While he always admitted that social, economic, and physical limits to our freedom existed, the limits he acknowledged became more numerous and restricting over time. This was due, in part, to the influence of his life partner Simone de Beauvoir and his increasing association with the French left.  

His changes are less of a radical turn around in his thinking and more of an evolution in his understanding of the practical side of his work. However, as his understanding of how social and economic limitations on our freedom to choose increased he began to stop identifying as a pure existentialist and openly declared himself to have always been an anarchist. Quite a declaration for the man who brought existentialism together.


Jean Meslier

(wiki commons)

Meslier was a Catholic priest in 17th century France. Noted as a quiet, dependable, and unremarkable priest, he served his parish for over forty years without complaint. After his death, a 600+ page book promoting atheism was found in his room, it has been published as “Testament.”
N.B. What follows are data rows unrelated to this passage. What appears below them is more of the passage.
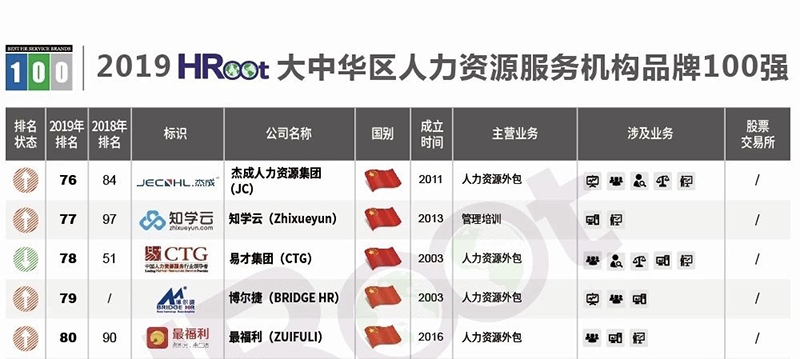 随后,中国领先的人力资源媒体公司HRoot发布《2019大中华区人力资源服务机构品牌100强榜单与白皮书》,贝博艾弗森官网集团再次上榜,位居76名。该榜单是全球唯一一份对人力资源服务机构品牌进行排名的榜单,贝博艾弗森官网集团蝉联榜单三年,名次不断攀升。
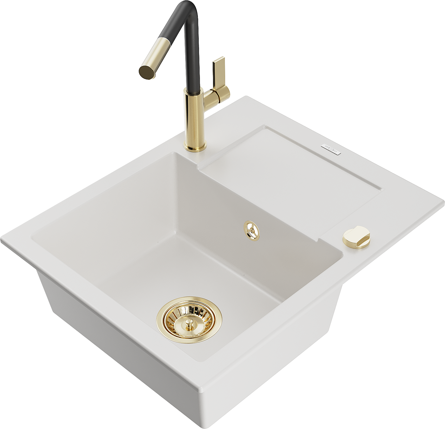 Mexen Enzo granieten spoelbak 1-komorige met druiprek en keukenmengkraan Flora, wit - 6506-20-670401-57-G
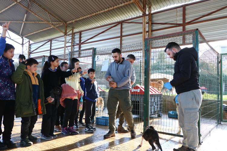 Okul Müdür Yardımcısı Sedat Serin’le, sınıf öğretmenleri Fatma Didem Kaya ve Arzu Tabaru’nun eşlik ettiği öğrencileri, bakımevinde Çiftlikköy Belediyesi Veteriner İşleri Müdürü Ali Çarık ve barınak personeli karşıladı. Ziyaret sırasında, sokak hayvanları için yürütülen çalışmalar hakkında bilgi alan 4-D ve 4-B sınıflarından öğrenciler, kedi ve köpek barınaklarını gezerek sevimli dostlara mama verdi.
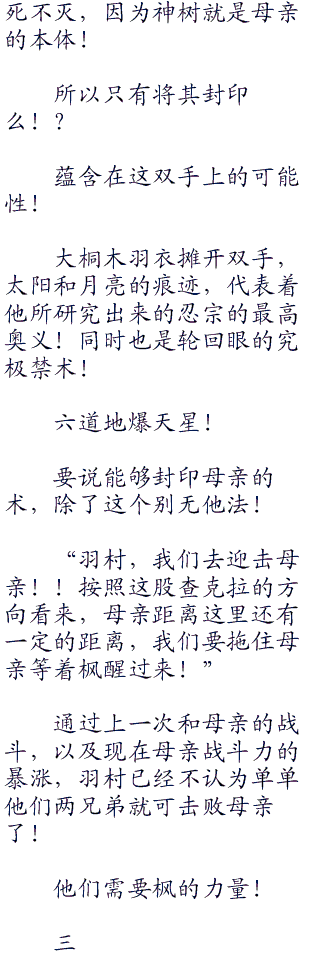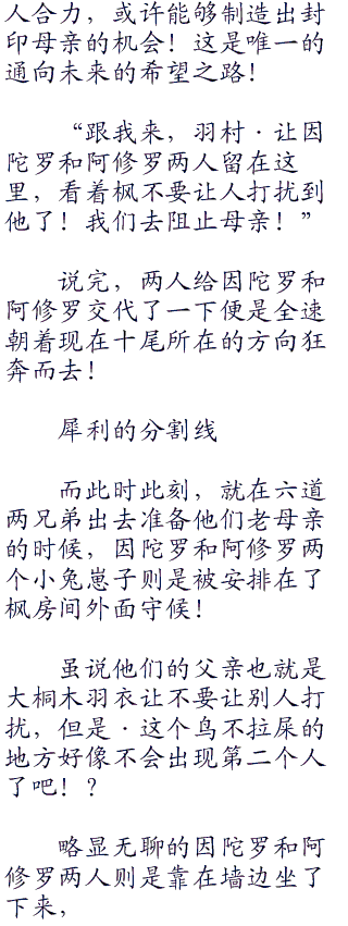 但是查克拉的量却和辉夜姬有着一定的差距,最后也不能确定强度如何,但是·这是唯一的办法!

The reverend Meslier has the distinction of being the first atheist philosopher to write a text defending his position. In it he describes all religion as “a castle in the air,” and theology as “but ignorance of natural causes reduced to a system.” He found the problem of evil to be unsolvable, denied the existence of free will and the soul, and stated that the nobility and priests deserved to be slaughtered in the name of truth and justice.

 He also makes the argument that Christianity, as it existed at the time, was merely a tool to assure the passivity of the lower classes against injustices they should be revolting against.  He advocated for a proto-communism as a solution to social injustice.

While the question of how much of a turn around this constitutes is unknowable, he admitted in his text that he entered the seminary to please his parents, it does stand against his forty years of preaching Christianity. Nobody else on this list denounced forty years of work in a single book, and his rejection of it comes with a force that stands out despite his cumbersome writing style.